2
votes

I am working on a binary classification problem and would like to perform the nested cross validation to assess the classification error. The reason why I'm doing the nested CV is due to the small sample size (N_0 = 20, N_1 = 10), where N_0, N_1 are the numbers of instances in 0 and 1 classes respectively.

My code is quite simple:

>> pipe_logistic = Pipeline([('scl', StandardScaler()),('clf', LogisticRegression(penalty='l1'))])
>> parameters = {'clf__C': logspace(-4,1,50)}
>> grid_search = GridSearchCV(estimator=pipe_logistic, param_grid=parameters, verbose=1, scoring='f1', cv=5)
>> cross_val_score(grid_search, X, y, cv=5)

So far, so good. If I want to change the CV scheme (from random splitting to StratifiedShuffleSplit in both, outer and inner CV loops, I face the problem: how can I pass the class vector y, as it is required by the StratifiedShuffleSplit function?

Naively:

>> grid_search = GridSearchCV(estimator=pipe_logistic, param_grid=parameters, verbose=1, scoring='f1', cv=StratifiedShuffleSplit(y_inner_loop, 5, test_size=0.5, random_state=0))
>> cross_val_score(grid_search, X, y, cv=StratifiedShuffleSplit(y, 5, test_size=0.5, random_state=0))

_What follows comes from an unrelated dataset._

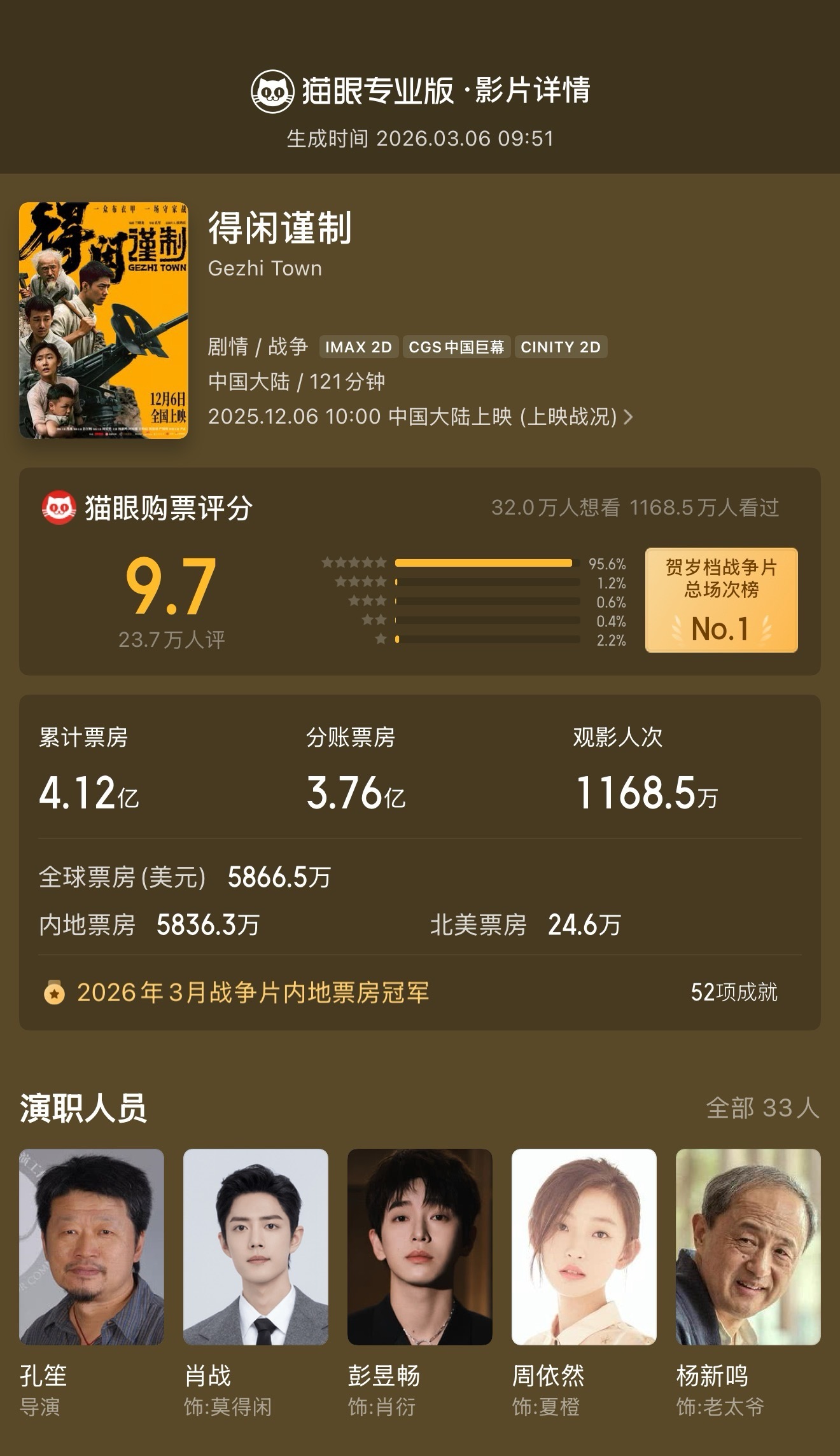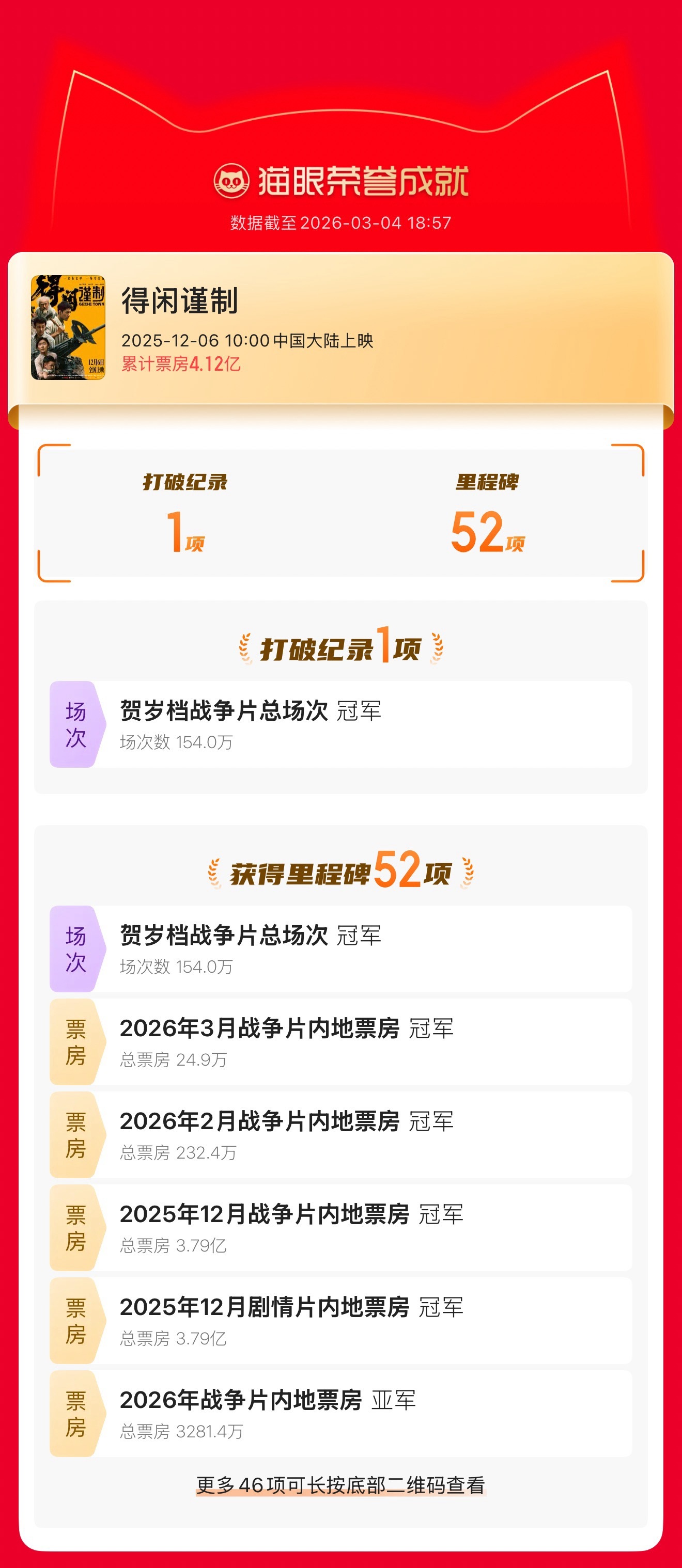 得闲谨制最终总票房4.12亿 据猫眼专业版数据,电影 《得闲谨制》3月5日结束放映,最终总票房4.12亿,共打破1项纪录,获得52项里程碑。

So, the problem is how to specify the y_inner_loop ?

** My data set is slightly imbalanced (20/10) and I would like to keep this splitting ratio for training and assessing the model.

1
Somewhat off topic, but @arnold-klein , I'm struggling to understand how this implements nested CV -- could you give me any pointers to understand this code? - ScottEdwards2000
@ScottEdwards2000, please see my answer for a complete code snippet. The nested CV has two stages: the outer loop and the inner one. The outer loop (in my case it is 'sss_outer'), splits your entire data set into 5 chunks (BTW, not necessarily you should use 'StratifiedShuffleSplit'), then the inner loop splits EACH chunk into 3 chunks, which it iterates as training and test sets (as usual CV does). The nested CV in my code is implemented in a single line: '>> cross_val_score(grid_search, X, y, cv=sss_outer)', it evaluates our model 5 times (as sss_outer ~ 5). - Arnold Klein
the hyper parameter C (inverse regularization strength) is tuned on the inner cross validation, which is defined through the 'sss_inner' and passed as a parameter in 'grid_search' function: '' >> grid_search = GridSearchCV(estimator=pipe_logistic, param_grid=parameters, verbose=1, scoring='f1', cv=sss_inner)'' So, effectively, ''cross_val_score" evaluates 5 times (5 surrogated models) models which are tuned on the inner CV loop in ''grid_search''. - Arnold Klein
In addition, I would highly recommend to read the book of Sebastian Raschka on Machine Learning with Python - Arnold Klein
@ArnoldKlein In your first comment - "splits your entire data set into 5 chunks (BTW, not necessarily you should use 'StratifiedShuffleSplit'), then the inner loop splits EACH chunk into 3 chunks, which it iterates as training and test sets (as usual CV does)" I think you meant not EACH chunk but the dividing the remaining 4 chunk of the outer loop into 3 chunks in the inner loop? At least, that's how I think nested cv works. - nafizh

1 Answers

3
votes

So far, I resolved this problem which might be of interested to some novices to ML. In the newest version of the scikit-learn 0.18, cross validated metrics have moved to sklearn.model_selection module and have changed (slightly) their API. Making long story short:

>> from sklearn.model_selection     import StratifiedShuffleSplit
>> sss_outer = StratifiedShuffleSplit(n_splits=5, test_size=0.4, random_state=15)
>> sss_inner = StratifiedShuffleSplit(n_splits=3, test_size=0.2, random_state=16)
>> pipe_logistic = Pipeline([('scl', StandardScaler()),('clf', LogisticRegression(penalty='l1'))])
>> parameters = {'clf__C': logspace(-4,1,50)}
>> grid_search = GridSearchCV(estimator=pipe_logistic, param_grid=parameters, verbose=1, scoring='f1', cv=sss_inner)
>> cross_val_score(grid_search, X, y, cv=sss_outer)

UPD in the newest version, we do not need to specify explicitly the target vector ("y", which was my problem initially), but rather only the number of desired splits.